🤖 AI Summary
Existing imitation learning approaches suffer from fragmented viewpoint modeling—either focusing exclusively on egocentric or exocentric views—and lack cognitively grounded mechanisms, hindering faithful replication of the human “observe–act” closed-loop. To address this, we introduce EgoMe, the first large-scale, real-world paired egocentric-exocentric video dataset, comprising 7,902 synchronized ego-exo video pairs augmented with multimodal sensor data (eye-tracking, IMU, magnetometer). We systematically incorporate human inter-view transformation cognition into imitation learning, designing eight novel benchmark tasks. Through multi-camera synchronized acquisition, precise temporal alignment, semantic annotation, and statistics-driven quality validation, EgoMe achieves superior viewpoint consistency, behavioral diversity, modality richness, and real-world deployability compared to prior datasets. Empirical results demonstrate significant improvements in end-to-end robotic imitation performance and cross-view action generalization.
📝 Abstract
When interacting with the real world, human often take the egocentric (first-person) view as a benchmark, naturally transferring behaviors observed from a exocentric (third-person) view to their own. This cognitive theory provides a foundation for researching how robots can more effectively imitate human behavior. However, current research either employs multiple cameras with different views focusing on the same individual's behavior simultaneously or encounters unpair ego-exo view scenarios, there is no effort to fully exploit human cognitive behavior in the real world. To fill this gap, in this paper, we introduce a novel large-scale egocentric dataset, called EgoMe, which towards following the process of human imitation learning via egocentric view in the real world.

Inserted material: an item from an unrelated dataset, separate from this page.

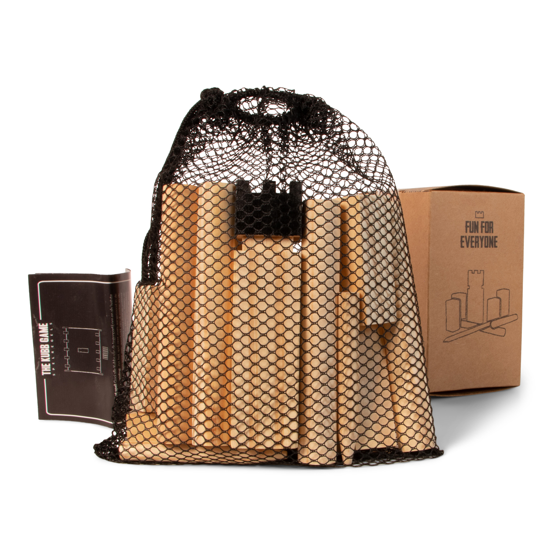 Kubb is van origine een Zweeds werpspel dat voornamelijk buiten wordt gespeeld. Tegenwoordig is dit spel wereldwijd populair. Het is een ontzettend leuke activiteit voor bijvoorbeeld in de tuin, speeltuin of in het park. Het spel speel je met twee teams van maximaal 6 spelers per team. Het doel is om alle kubbs van het andere team om te gooien. Hierna mag je op de koning mikken in het midden van het speelgebied. Gooi je de koning ook om, dan heeft jouw team gewonnen. Het spel bestaat uit: 1 koning, 6 werpstokken, 10 ridders en 4 hoekstokken.

Our dataset includes 7902 pairs of videos (15804 videos) for diverse daily behaviors in real-world scenarios. For a pair of videos, one video captures a exocentric view of the imitator observing the demonstrator's actions, while the other captures a egocentric view of the imitator subsequently following those actions. Notably, our dataset also contain exo-ego eye gaze, angular velocity, acceleration, magnetic strength and other sensor multi-modal data for assisting in establishing correlations between observing and following process. In addition, we also propose eight challenging benchmark tasks for fully leveraging this data resource and promoting the research of robot imitation learning ability. Extensive statistical analysis demonstrates significant advantages compared to existing datasets. The proposed EgoMe dataset and benchmark will be released soon.